2. Become familiar with the implementation of the Q-learning and approximate Q-learning algorithms.
3. Gain experience with feature extraction in a complex environment.
3.1 The Pacman Game
In this project , you will implement a Q-learning agent as well as an approximate Qlearning agent and train them to play the game of Pacman . This project includes an autograder for the first two subtasks. You can run the following command to grade yourself:
python autograder.py
It can also be run for one particular task, such as task 2, by:
python autograder.py -q q2
The code for this project contains the following files:

featureExtractors.py Classes for extracting features on hstate, actioni pairs. Used for the approx. Q-learning agent in qlearningAgents.py.
Defines methods for general MDPs.
learningAgents.py Defines the base class QLearningAgent, which you will extend in your implementation.

util.py Utilities, including util.Counter, which
is particularly useful for designing Q-learning agents.

The remaining files are not as important and need not be reviewed.
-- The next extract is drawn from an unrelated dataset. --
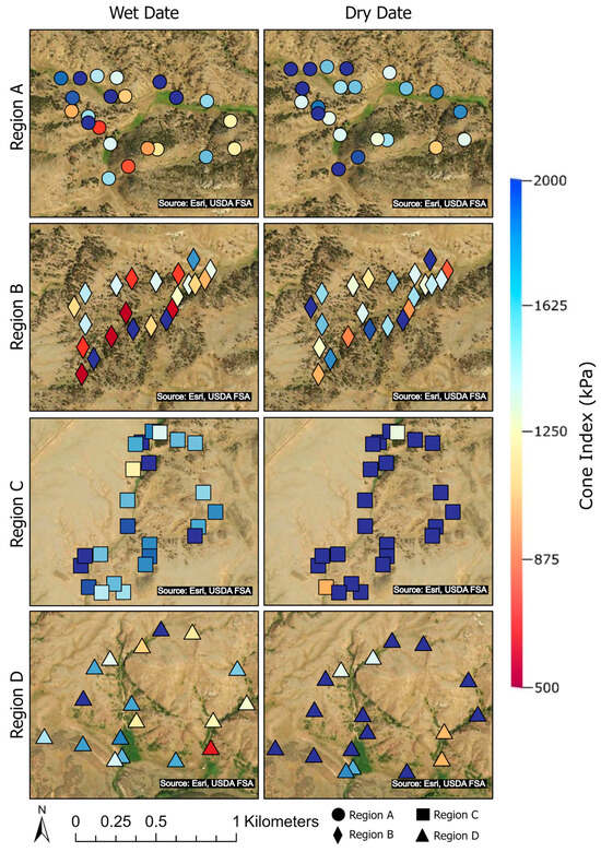 3.4. Relationships Between Soil Moisture/Strength and Regional Attributes

3.2 Submission Specifications
For this part of the project, you will need to submit two files: qlearningAgents.py and featureExtractors.py.
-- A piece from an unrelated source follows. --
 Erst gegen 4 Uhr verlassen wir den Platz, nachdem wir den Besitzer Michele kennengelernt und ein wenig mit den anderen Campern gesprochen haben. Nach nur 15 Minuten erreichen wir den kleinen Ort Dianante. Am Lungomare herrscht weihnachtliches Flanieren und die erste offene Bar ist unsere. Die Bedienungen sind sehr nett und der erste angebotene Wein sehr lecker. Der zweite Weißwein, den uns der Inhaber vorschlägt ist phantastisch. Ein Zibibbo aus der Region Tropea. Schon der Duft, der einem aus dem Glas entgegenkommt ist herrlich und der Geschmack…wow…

Make only one submission (i.e., one set of two files) per group.
Do not modify the file name.
Place your two files in a folder named CS3243P2PacmanXX, where XX is your group number. For example, the folder CS3243P2Pacman03/ should contain the qlearningAgents.py and featureExtractors.py files for Group 3.
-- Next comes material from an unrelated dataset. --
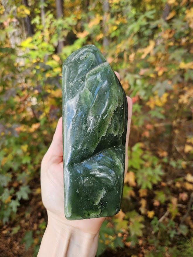 Large Nephrite Jade Freeform: Green Stone for Luck, Polished Jade Crystal
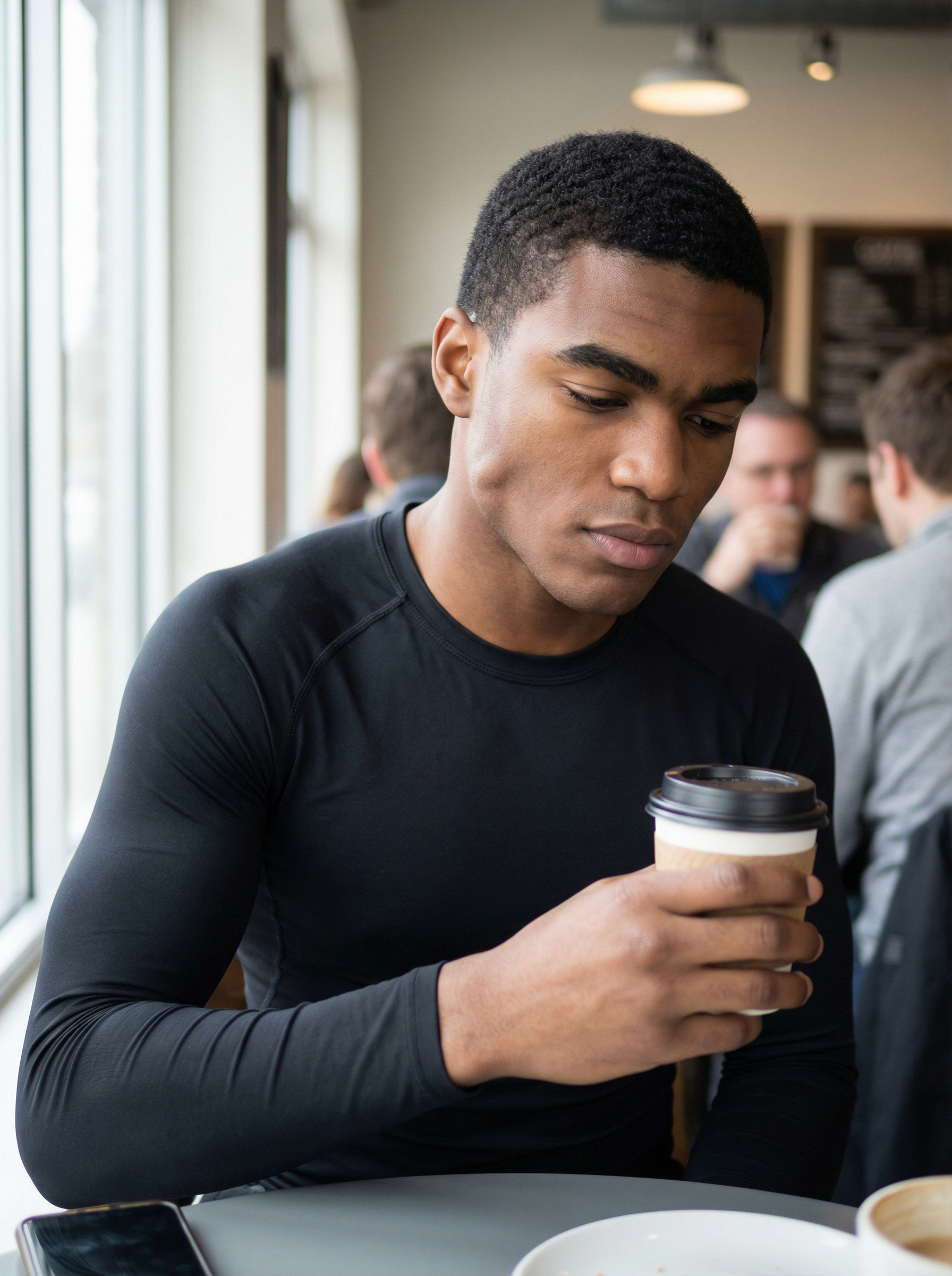 young looking model, active looksmaxxing cafe candid, elite looksmaxxing model, aesthetic build, sharp jawline even when looking down, high cheekbones, strong neck, thick brows, clear skin, calm stoic demeanor, wearing black long-sleeve compression top, holding takeaway coffee cup, looking down thoughtfully, “grindset/self-improvement” vibe, large window daylight, shallow depth of field, busy cafe background softly blurred, cinematic documentary grade,

Points will be deducted for not following the naming convention, please follow it closely.
3.3 Task 1
First, you will implement a Q-learning agent by completing the QLearningAgent class in qlearningAgents.py. In particular, you need to implement the update, computeValueFromQValues, getQValue, computeActionFromQValues and getAction methods.
Important: Ensure that you only access Q values by calling getQValue, especially within the computeValueFromQValues and computeActionFromQValues functions. This abstraction will be useful for Task 2, where you will have to override getQValue to use features of state-action pairs rather than the state-action pairs directly.
Testing: Time to play some Pacman! Pacman will play games in two phases. In the first phase, training, Pacman learns about the values of positions and actions. Because it takes a very long time to learn accurate Q-values even for tiny grids, Pacman’s training games run in quiet mode by default, with no GUI (or console) display. Once Pacman’s training is complete, it will enter testing mode. When testing, Pacman’s self.epsilon and self.alpha will be set to 0.0, effectively stopping Q-learning and disabling exploration, in order to allow Pacman to exploit its learned policy. Test games are shown in the GUI by default. Without any code changes you should be able to run Q-learning Pacman for very tiny grids as follows:
python pacman.py -p PacmanQAgent -x 2000 -n 2010 -l smallGrid
Note that PacmanQAgent is defined based on the QLearningAgent you have written. PacmanQAgent is only different in that it has default learning parameters that are more effective for the Pacman problem (ε = 0.05,α = 0.2,γ = 0.8). You will receive full credit for this question if the command above works without exceptions and your agent wins at least 80% of the time. The autograder will run 100 test games after the 2000 training games. To use the autograder to test your answer, run:
python autograder.py -q q1
If you want to experiment with learning parameters, you can use the option -a, for example
-a epsilon=0.1, alpha=0.3, gamma=0.7
These values are accessible as self.epsilon, self.gamma and self.alpha within the agent. In the example run above, a total of 2010 games will be played, but the first 2000 games will not be displayed because of the option -x 2000, which designates the first 2000 games for training (no output). Thus, you will only see Pacman play the last 10 games. The number of training games is also passed to your agent as the option numTraining. If you want to watch 10 training games to see what’s going on, use the command:
python pacman.py -p PacmanQAgent -n 10 -l smallGrid -a numTraining=10
During training, you will see some statistics about Pacman’s performance every 100 games. Epsilon is positive during training, so Pacman will play poorly even after having learned a good policy: this is because it occasionally makes a random exploratory move into a ghost. As a benchmark, it should take between 1000 and 1400 games before Pacman’s rewards for a 100 episode segment becomes positive, reflecting that it’s started winning more than losing. By the end of training, it should remain positive and be fairly high (between 100 and 350).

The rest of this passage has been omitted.